__Exercise requirements__.
Copy out the data exactly as it appears, without a single image.

__Information shown__.

==============================

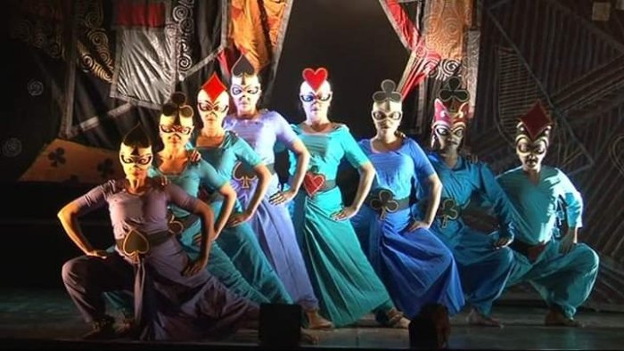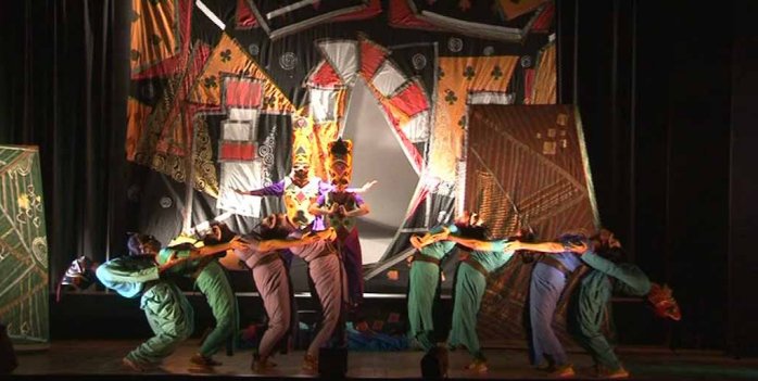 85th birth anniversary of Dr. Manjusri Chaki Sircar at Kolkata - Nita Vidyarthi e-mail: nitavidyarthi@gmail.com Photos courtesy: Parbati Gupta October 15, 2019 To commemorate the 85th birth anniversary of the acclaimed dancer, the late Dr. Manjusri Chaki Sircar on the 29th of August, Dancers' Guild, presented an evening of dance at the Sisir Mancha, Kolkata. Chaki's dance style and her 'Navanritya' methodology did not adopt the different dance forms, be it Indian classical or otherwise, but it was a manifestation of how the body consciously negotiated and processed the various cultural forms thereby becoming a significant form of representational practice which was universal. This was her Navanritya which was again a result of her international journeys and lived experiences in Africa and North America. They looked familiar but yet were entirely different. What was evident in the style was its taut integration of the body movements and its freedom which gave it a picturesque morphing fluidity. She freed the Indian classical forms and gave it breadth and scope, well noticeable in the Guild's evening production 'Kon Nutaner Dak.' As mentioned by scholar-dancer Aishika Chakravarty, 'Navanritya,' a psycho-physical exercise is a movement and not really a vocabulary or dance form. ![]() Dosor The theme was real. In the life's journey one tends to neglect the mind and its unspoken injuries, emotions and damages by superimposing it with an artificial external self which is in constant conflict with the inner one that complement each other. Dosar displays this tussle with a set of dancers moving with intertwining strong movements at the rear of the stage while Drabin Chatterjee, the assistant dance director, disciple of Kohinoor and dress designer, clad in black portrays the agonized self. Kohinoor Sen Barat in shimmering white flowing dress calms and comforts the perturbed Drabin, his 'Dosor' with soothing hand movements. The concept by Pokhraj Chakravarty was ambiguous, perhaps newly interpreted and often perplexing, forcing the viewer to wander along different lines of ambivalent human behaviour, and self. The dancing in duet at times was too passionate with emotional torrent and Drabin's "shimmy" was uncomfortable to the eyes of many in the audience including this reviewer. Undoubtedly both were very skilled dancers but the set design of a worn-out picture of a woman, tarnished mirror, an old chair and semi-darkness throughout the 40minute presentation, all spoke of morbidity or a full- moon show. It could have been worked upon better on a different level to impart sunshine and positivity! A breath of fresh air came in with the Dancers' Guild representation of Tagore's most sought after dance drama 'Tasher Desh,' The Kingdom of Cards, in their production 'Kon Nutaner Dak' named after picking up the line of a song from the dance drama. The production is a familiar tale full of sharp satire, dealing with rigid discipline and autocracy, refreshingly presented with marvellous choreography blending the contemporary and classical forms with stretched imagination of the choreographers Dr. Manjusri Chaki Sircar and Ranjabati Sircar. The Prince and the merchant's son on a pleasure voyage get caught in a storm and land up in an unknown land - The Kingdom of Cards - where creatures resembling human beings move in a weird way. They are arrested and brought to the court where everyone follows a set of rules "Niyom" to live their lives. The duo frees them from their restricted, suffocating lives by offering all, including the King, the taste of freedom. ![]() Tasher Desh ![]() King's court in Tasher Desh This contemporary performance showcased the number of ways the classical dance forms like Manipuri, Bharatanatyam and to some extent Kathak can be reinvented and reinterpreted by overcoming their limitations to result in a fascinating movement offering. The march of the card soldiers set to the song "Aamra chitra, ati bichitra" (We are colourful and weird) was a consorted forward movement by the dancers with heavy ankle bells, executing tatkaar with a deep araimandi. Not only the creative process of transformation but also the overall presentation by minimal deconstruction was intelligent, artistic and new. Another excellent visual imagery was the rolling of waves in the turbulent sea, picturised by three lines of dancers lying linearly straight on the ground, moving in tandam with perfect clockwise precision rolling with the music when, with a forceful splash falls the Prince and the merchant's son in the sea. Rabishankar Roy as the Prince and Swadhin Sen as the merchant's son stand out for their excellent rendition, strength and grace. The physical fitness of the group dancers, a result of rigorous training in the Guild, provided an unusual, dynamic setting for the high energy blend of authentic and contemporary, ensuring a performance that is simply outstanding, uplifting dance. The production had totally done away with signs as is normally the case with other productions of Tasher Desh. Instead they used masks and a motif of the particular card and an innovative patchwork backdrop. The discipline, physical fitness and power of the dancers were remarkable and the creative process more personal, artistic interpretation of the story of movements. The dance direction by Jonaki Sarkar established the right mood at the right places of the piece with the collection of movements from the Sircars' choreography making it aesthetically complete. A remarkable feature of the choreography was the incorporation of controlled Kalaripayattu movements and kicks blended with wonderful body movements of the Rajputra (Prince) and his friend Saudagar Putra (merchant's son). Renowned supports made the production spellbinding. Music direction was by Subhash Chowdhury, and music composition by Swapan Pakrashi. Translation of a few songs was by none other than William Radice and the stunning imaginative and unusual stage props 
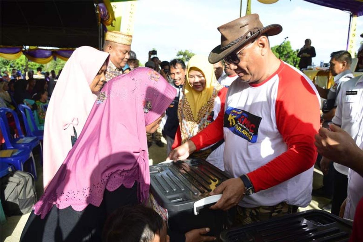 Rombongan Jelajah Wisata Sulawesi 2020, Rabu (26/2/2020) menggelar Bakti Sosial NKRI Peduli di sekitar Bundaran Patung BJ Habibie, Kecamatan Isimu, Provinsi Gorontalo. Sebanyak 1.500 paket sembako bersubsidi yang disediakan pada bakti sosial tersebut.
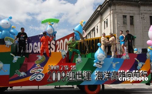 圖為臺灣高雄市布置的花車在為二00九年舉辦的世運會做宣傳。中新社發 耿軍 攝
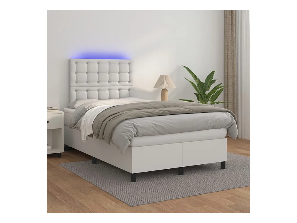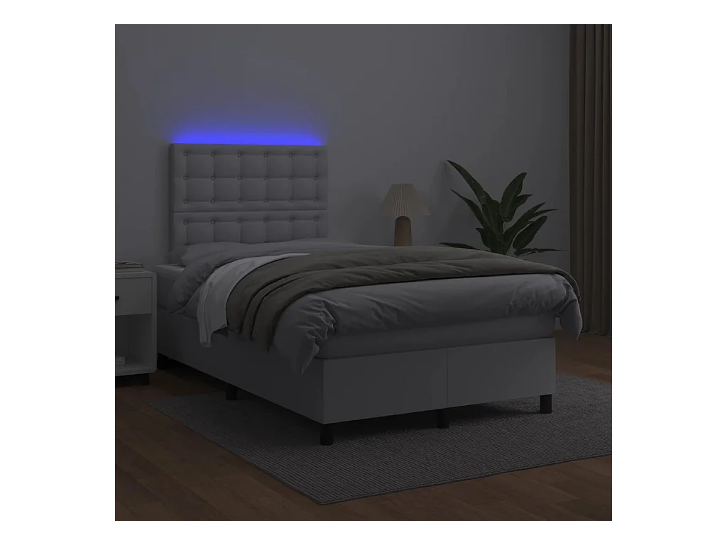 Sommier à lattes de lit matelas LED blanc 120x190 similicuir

==============================

__Solution below__.
 85th birth anniversary of Dr. Manjusri Chaki Sircar at Kolkata - Nita Vidyarthi e-mail: nitavidyarthi@gmail.com Photos courtesy: Parbati Gupta October 15, 2019 To commemorate the 85th birth anniversary of the acclaimed dancer, the late Dr. Manjusri Chaki Sircar on the 29th of August, Dancers' Guild, presented an evening of dance at the Sisir Mancha, Kolkata. Chaki's dance style and her 'Navanritya' methodology did not adopt the different dance forms, be it Indian classical or otherwise, but it was a manifestation of how the body consciously negotiated and processed the various cultural forms thereby becoming a significant form of representational practice which was universal. This was her Navanritya which was again a result of her international journeys and lived experiences in Africa and North America. They looked familiar but yet were entirely different. What was evident in the style was its taut integration of the body movements and its freedom which gave it a picturesque morphing fluidity. She freed the Indian classical forms and gave it breadth and scope, well noticeable in the Guild's evening production 'Kon Nutaner Dak.' As mentioned by scholar-dancer Aishika Chakravarty, 'Navanritya,' a psycho-physical exercise is a movement and not really a vocabulary or dance form. ![]() Dosor The theme was real. In the life's journey one tends to neglect the mind and its unspoken injuries, emotions and damages by superimposing it with an artificial external self which is in constant conflict with the inner one that complement each other. Dosar displays this tussle with a set of dancers moving with intertwining strong movements at the rear of the stage while Drabin Chatterjee, the assistant dance director, disciple of Kohinoor and dress designer, clad in black portrays the agonized self. Kohinoor Sen Barat in shimmering white flowing dress calms and comforts the perturbed Drabin, his 'Dosor' with soothing hand movements. The concept by Pokhraj Chakravarty was ambiguous, perhaps newly interpreted and often perplexing, forcing the viewer to wander along different lines of ambivalent human behaviour, and self. The dancing in duet at times was too passionate with emotional torrent and Drabin's "shimmy" was uncomfortable to the eyes of many in the audience including this reviewer. Undoubtedly both were very skilled dancers but the set design of a worn-out picture of a woman, tarnished mirror, an old chair and semi-darkness throughout the 40minute presentation, all spoke of morbidity or a full- moon show. It could have been worked upon better on a different level to impart sunshine and positivity! A breath of fresh air came in with the Dancers' Guild representation of Tagore's most sought after dance drama 'Tasher Desh,' The Kingdom of Cards, in their production 'Kon Nutaner Dak' named after picking up the line of a song from the dance drama. The production is a familiar tale full of sharp satire, dealing with rigid discipline and autocracy, refreshingly presented with marvellous choreography blending the contemporary and classical forms with stretched imagination of the choreographers Dr. Manjusri Chaki Sircar and Ranjabati Sircar. The Prince and the merchant's son on a pleasure voyage get caught in a storm and land up in an unknown land - The Kingdom of Cards - where creatures resembling human beings move in a weird way. They are arrested and brought to the court where everyone follows a set of rules "Niyom" to live their lives. The duo frees them from their restricted, suffocating lives by offering all, including the King, the taste of freedom. ![]() Tasher Desh ![]() King's court in Tasher Desh This contemporary performance showcased the number of ways the classical dance forms like Manipuri, Bharatanatyam and to some extent Kathak can be reinvented and reinterpreted by overcoming their limitations to result in a fascinating movement offering. The march of the card soldiers set to the song "Aamra chitra, ati bichitra" (We are colourful and weird) was a consorted forward movement by the dancers with heavy ankle bells, executing tatkaar with a deep araimandi. Not only the creative process of transformation but also the overall presentation by minimal deconstruction was intelligent, artistic and new. Another excellent visual imagery was the rolling of waves in the turbulent sea, picturised by three lines of dancers lying linearly straight on the ground, moving in tandam with perfect clockwise precision rolling with the music when, with a forceful splash falls the Prince and the merchant's son in the sea. Rabishankar Roy as the Prince and Swadhin Sen as the merchant's son stand out for their excellent rendition, strength and grace. The physical fitness of the group dancers, a result of rigorous training in the Guild, provided an unusual, dynamic setting for the high energy blend of authentic and contemporary, ensuring a performance that is simply outstanding, uplifting dance. The production had totally done away with signs as is normally the case with other productions of Tasher Desh. Instead they used masks and a motif of the particular card and an innovative patchwork backdrop. The discipline, physical fitness and power of the dancers were remarkable and the creative process more personal, artistic interpretation of the story of movements. The dance direction by Jonaki Sarkar established the right mood at the right places of the piece with the collection of movements from the Sircars' choreography making it aesthetically complete. A remarkable feature of the choreography was the incorporation of controlled Kalaripayattu movements and kicks blended with wonderful body movements of the Rajputra (Prince) and his friend Saudagar Putra (merchant's son). Renowned supports made the production spellbinding. Music direction was by Subhash Chowdhury, and music composition by Swapan Pakrashi. Translation of a few songs was by none other than William Radice and the stunning imaginative and unusual stage props 
 Rombongan Jelajah Wisata Sulawesi 2020, Rabu (26/2/2020) menggelar Bakti Sosial NKRI Peduli di sekitar Bundaran Patung BJ Habibie, Kecamatan Isimu, Provinsi Gorontalo. Sebanyak 1.500 paket sembako bersubsidi yang disediakan pada bakti sosial tersebut.
 圖為臺灣高雄市布置的花車在為二00九年舉辦的世運會做宣傳。中新社發 耿軍 攝
 Sommier à lattes de lit matelas LED blanc 120x190 similicuir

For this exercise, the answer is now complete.